3/6 Custom-Wasserkühlung : Ein Überblick mit Tipps für Wakü-Einsteiger

, 142 Kommentare

Zu viel Radiatorfläche gibt es nicht

Wenn es etwas gibt, an dem bei einer Wasserkühlung nicht gespart werden sollte, dann ist es die eingesetzte Radiatorfläche. Faustregeln wie „Bis zu 100 Watt je 120er können leise gekühlt werden“ sind nämlich weder allgemeingültig noch sinnvoll. Schließlich sind die Rahmenbedigungen in jedem System einzigartig, und „leise“ wird von jedem als etwas anderes empfunden.

In Kühlkörpern wird Wärme an das Wasser abgegeben. Dadurch steigt die Wassertemperatur – und je höher die Differenz zwischen Wasser- und Raumtemperatur ist, desto effektiver funktioniert der Transfer der Energie an die Umgebung. Das Ganze hat aber einen Haken: Eine Custom-Wasserkühlung sollte im Optimalfall mit einer Spitzen-Wassertemperatur von weniger als 40 °C arbeiten. Jenseits dieser Temperatur wird nicht nur die Ausfallwahrscheinlichkeit der Kühlung erhöht, sondern es steigt auch die Temperatur der zu kühlenden Bauteile, was ab einem gewissen Punkt die Wasserkühlung im Vergleich zur Luftkühlung ad absurdum führt.

Auch wenn die Radiatoren also mit steigender Temperaturdifferenz zwischen Wasser und Raum immer mehr Wärme bei gleicher Lüfterdrehzahl abgeben können, sollte dieses Prinzip nicht zu weit getrieben werden. Die beste Regel für die benötigte Kühlfläche lautet daher „so viel wie möglich“. Einen echten Overkill gibt es nicht – nur ein in allen Lebenslagen leises System.

Externe Radiatoren meist mit höherem Temperaturgefälle

Wie bei den Kühlkörpern gilt auch bei Wärmetauschern, dass unedle Metalle wie Aluminium keinen Kontakt zum Kühlmedium haben sollten. Als Radiatoren sollten daher Modelle aus Kupfer gewählt werden.
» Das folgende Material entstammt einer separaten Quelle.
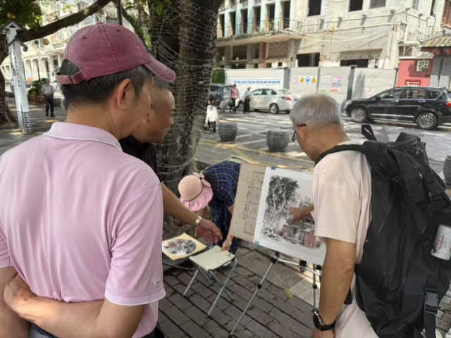 8月16日上午,长堤历史文化街区迎来一场艺术与历史的对话。在开云电竞官方网站美术馆指导下,白沙街道办事处联合开云电竞官方网站中国画学会、有点东西艺术馆、东西文化艺术中心,组织60位画家走进中国华侨国际文化交流基地——长堤历史文化街区,开展为期半天的写生创作活动。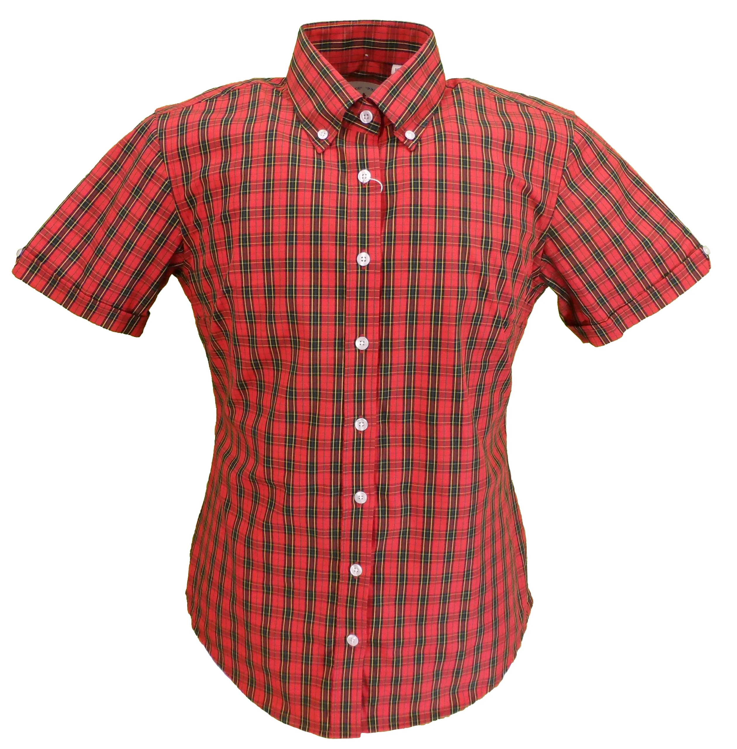 Relco Retro Red Tartan Ladies Button Down Short Sleeved Shirts

Zwischen verschiedenen Herstellern gibt es zwar Leistungsunterschiede, diese sind aber vom Einsatzort des Radiators, den verbauten Lüftern sowie der Lüfterdrehzahl abhängig. Pauschale Kauftipps für bestimmte Modelle sind folglich schwierig – generell sollte aber immer einer größeren Fläche im Vergleich zu tieferen Radiatoren der Vorzug gegeben werden. Bezüglich der Lamellendichte (angegeben in Fins per Inch) gilt, dass geringere Werte mit langsam drehenden Lüftern besser harmonieren; Radiatoren mit hohen Lamellendichten besitzen dagegen bei schneller drehenden Ventilatoren mehr Leistungsreserven.
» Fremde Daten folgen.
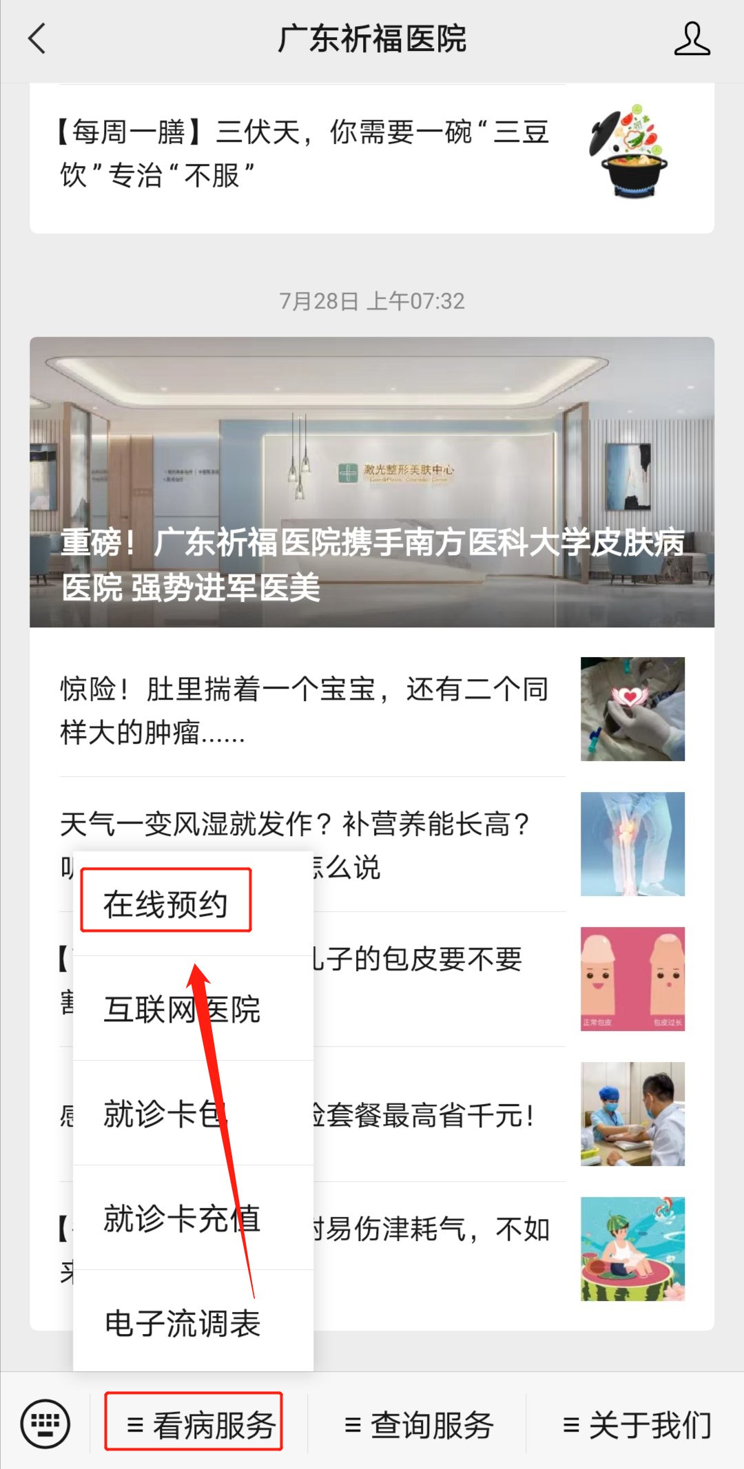第一步:关注“广东祈福医院”微信公众号,点击“看病服务”--“在线预约”;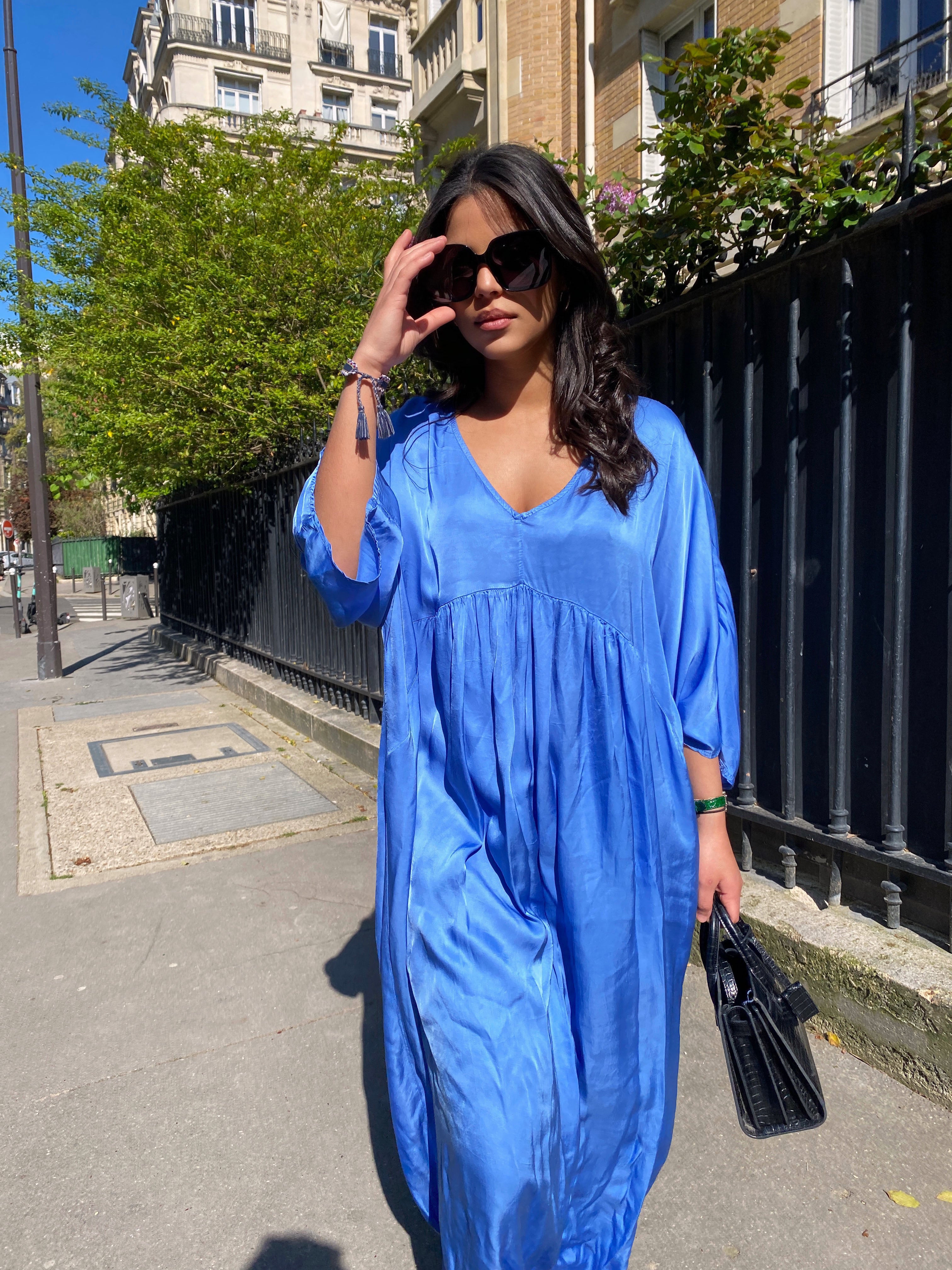 ROBE LONGUE BLEUE EN SOIE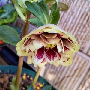 昨日の南風🍃のせいか(?)人生初の私の…クリスマスローズの様子もなんとなくイメージできはじめそうに撮れ🙌 🖐🆘…詳しいお名前までは望まないですが😅 ダブル?八重咲き?? ドットの柄も見えてるよう。 どういうくくりになるのか、教えて頂けたら幸いなのですが。よろしくお願いします🤗💕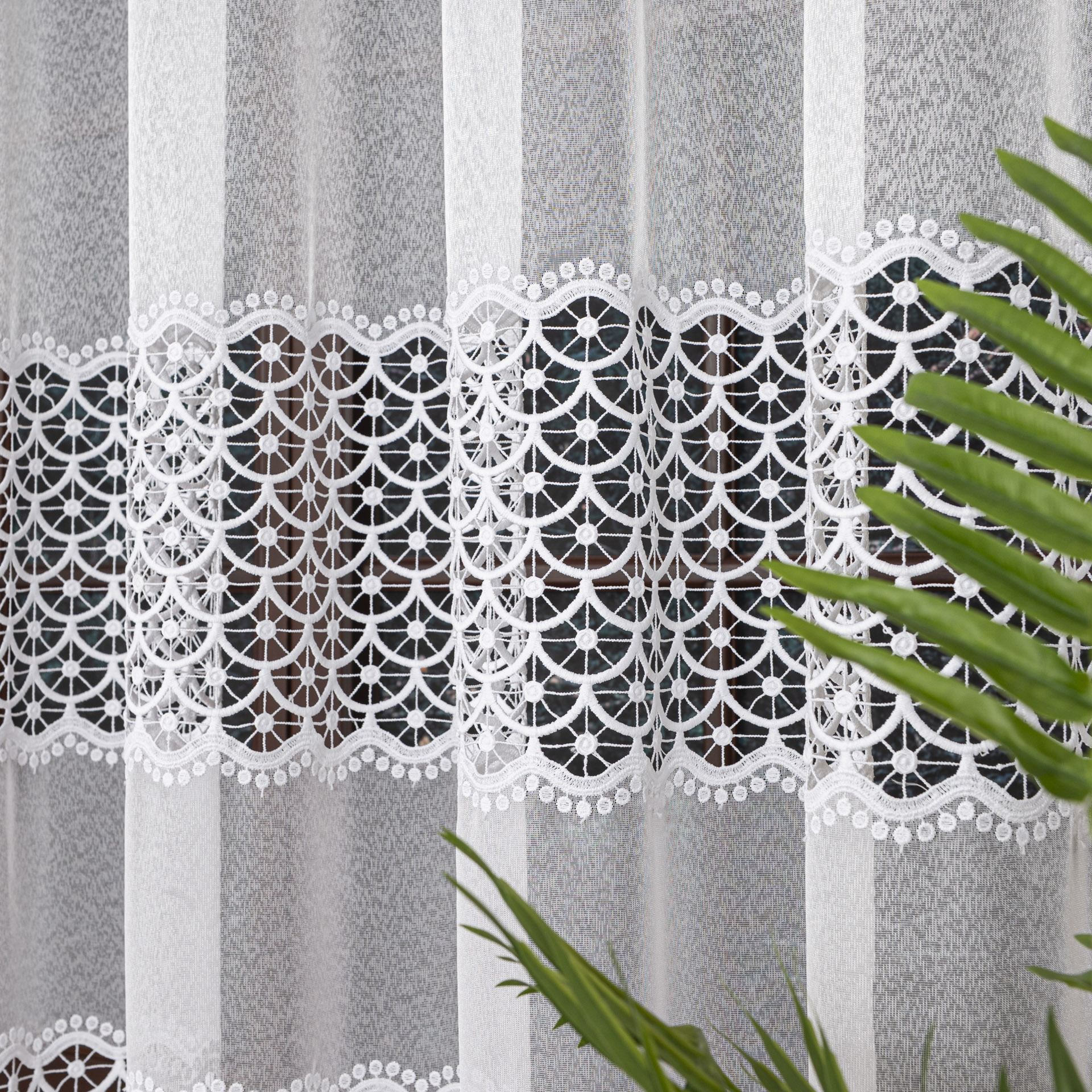 Elegancka firana z aplikacją gipiurową to wyjątkowa dekoracja okienna, która wprowadzi do wnętrza subtelność i ponadczasowy styl. Wykonana z markizety, tkaniny znanej z lekkości i doskonałej przepuszczalności światła z delikatną fakturą pięknie zdobi okno, nadając mu wytworny, a zarazem przytulny charakter.

Radiatoren bieten viel Oberfläche durch Lamellen
Radiatoren bieten viel Oberfläche durch Lamellen

Im direkten Vergleich zeigt sich deutlich, dass baugleiche Radiatoren extern wesentlich besser kühlen als intern. Externe Riesenradiatoren wie ein Watercool Mo-Ra oder (Super-)Nova von Phobya sind daher der beste Weg zu einer leisen Kühlung. Mit einem externen Radiator gibt es zudem auch keine Platzprobleme im PC-Gehäuse: So kann die Wasserkühlung ihren Vorteil, Kühler und Radiator räumlich trennen zu können, voll ausspielen. Schnellkupplungen zwischen externem Radiator und PC-Gehäuse erleichtern Arbeiten am PC und den Transport des Systems deutlich.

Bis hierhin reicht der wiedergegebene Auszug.